Characteristics of patients with CRC and PDM
Table 1 summarizes the clinical data from the 4 CRC patients with PDM. Age; body mass index (BMI); ASA-PS; tumor location; depth of tumor invasion; lymph node metastases; and serum CEA levels of the PDM cases (PDM group) did not differ significantly from those of CRC cases without PDM (control group). Meanwhile, sex differed significantly between 2 groups (control group versus PDM group: 50/56 versus 4/0, P = 0.016). No symptoms specific to PDM were observed, including digestive symptoms such as constipation, diarrhea, and body weight.
Factors affecting operative time
Operative time and blood loss of each group (control group/PDM group) were 339.5 ± 10.4 versus 566.3 ± 53.6 minutes (P < 0.0001) and 18.7 ± 12.4 versus 242.5 ± 64.1 mL (P = 0.0604), respectively. We conducted univariate and multivariate analysis of factors affecting operative time. Age (<75 versus ≥75 years); BMI (<25 versus ≥25); and ASA-PS (0, 1, 2/3) did not appear to influence operative time. According to the univariate analysis, sex (male versus female, F = 15.7, P = 0.0001); tumor location (colon versus rectum, F = 13.8, P = 0.0003); depth of tumor invasion [T1, T2/T3, T4 (the Japanese Classification of Colorectal Carcinoma, 8th edition22), F = 4.1, P = 0.045]; lymph node metastasis (negative versus positive, F = 4.22, P = 0.042); and PDM (control versus PDM group, F = 17.2, P < 0.0001) were factors significantly affecting operative time. According to the multivariate analysis, sex (F = 9.1, P = 0.0032); tumor location (F = 8.48, P = 0.0044); lymph node metastasis (F = 5.45, P = 0.022); and PDM (F = 12.3, P = 0.0007) were factors significantly influencing operative time (Table 2).
Specific 3D vessel images of PDM
Retrospectively, we hypothesized that the ventrally branched left colic artery observed on the 3D image reconstructed from CT images (Fig. 2a)—which would be caused by a folded descending mesocolon—might be a specific diagnostic feature of PDM. As expected, in the control group, the left colic artery was seen to branch medially toward the lateral direction (Fig. 2b), except in 1 case with kyphosis. Using this feature as a diagnostic feature of PDM cases, sensitivity was 1.00 (4/4) and specificity was 0.9906 (105/106); the positive and negative predictive value was 0.80 (4/5) and 1.0 (105/105), respectively ([Kappa coefficient], K = 0.8842, P < 0.0001, Fisher's exact test, Table 3).
Discussion
Recently, laparoscopic surgery for CRC has been widely accepted. The significance of stylized techniques is thought to be critical; however, in some cases, these stylized techniques cannot be adopted due to obesity, severe adhesion, and/or previous radiation therapy.15–17 On the other hand, the impact of congenital anatomic anomalies on laparoscopic surgery for CRC has not been reported. Since the previously reported frequency of PDM was around 2.4%23 and the frequency of PDM in this study was 3.64% (4/100; 95% CI, 1.42%–8.98%), surgeons at high-volume centers would frequently encounter cases with PDM and should be aware of this anomaly and its implications.

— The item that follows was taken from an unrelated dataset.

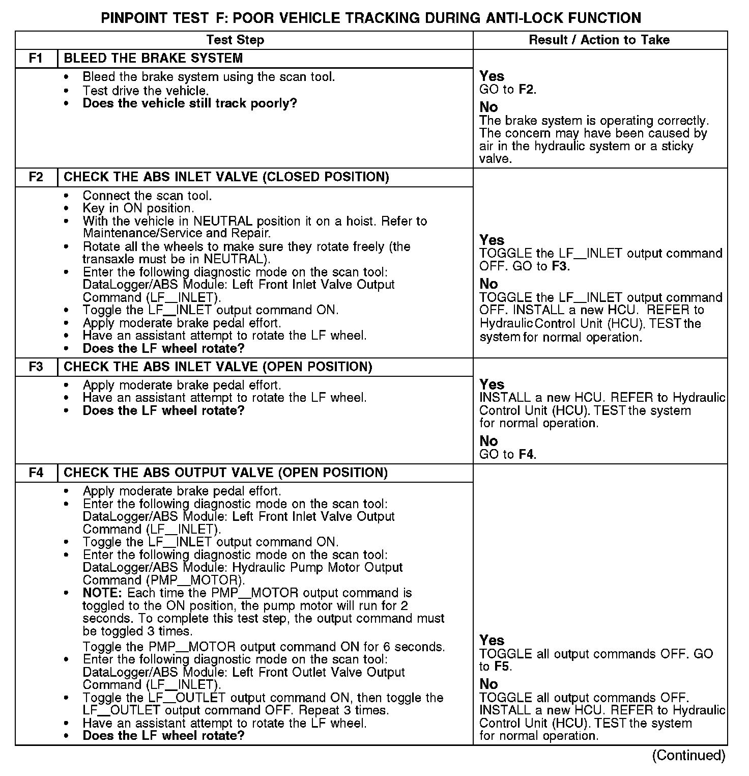 Pinpoint Test F: Poor Vehicle Tracking During Anti-lock FunctionRefer to Vehicle Dynamic Systems for schematic and connector information.

From our data on operative time, laparoscopic surgery for CRC with PDM tends to be more complicated than that of normal cases, without knowledge of PDM. Retrospectively, the assumed reasons for the difficulty of procedures for CRC with PDM may be considered as follows: First, since the descending colon dislocated into the midline, the descending colon would be misidentified as the sigmoid colon. Second, since the sigmoid colon dislocated into the pelvic space and adhered onto the right side of the pelvis, the sigmoid colon would be misidentified as the rectosigmoid colon. These are the reasons for the misconception that the sigmoid mesocolon is relatively narrow, the sigmoid colon is relatively short, and the space in the undermobilized sigmoid colon is relatively tight. These misunderstandings presumably made the operative procedures difficult and that is why we struggled to operate cases with PDM using a stylized approach.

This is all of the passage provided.